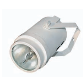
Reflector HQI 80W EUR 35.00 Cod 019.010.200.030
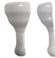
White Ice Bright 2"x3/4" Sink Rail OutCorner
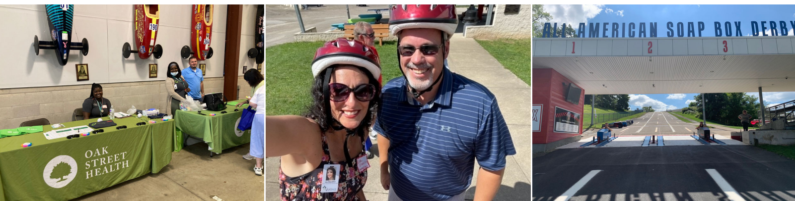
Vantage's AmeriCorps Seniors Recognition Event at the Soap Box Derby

=======

> _Assignment_:
Reproduce, exactly and without pictures, the lines above from the one containing "White Ice Bright" through the last line of the material, both ends included, and nothing more.

> _Your solution_:
White Ice Bright 2"x3/4" Sink Rail OutCorner
Vantage's AmeriCorps Seniors Recognition Event at the Soap Box Derby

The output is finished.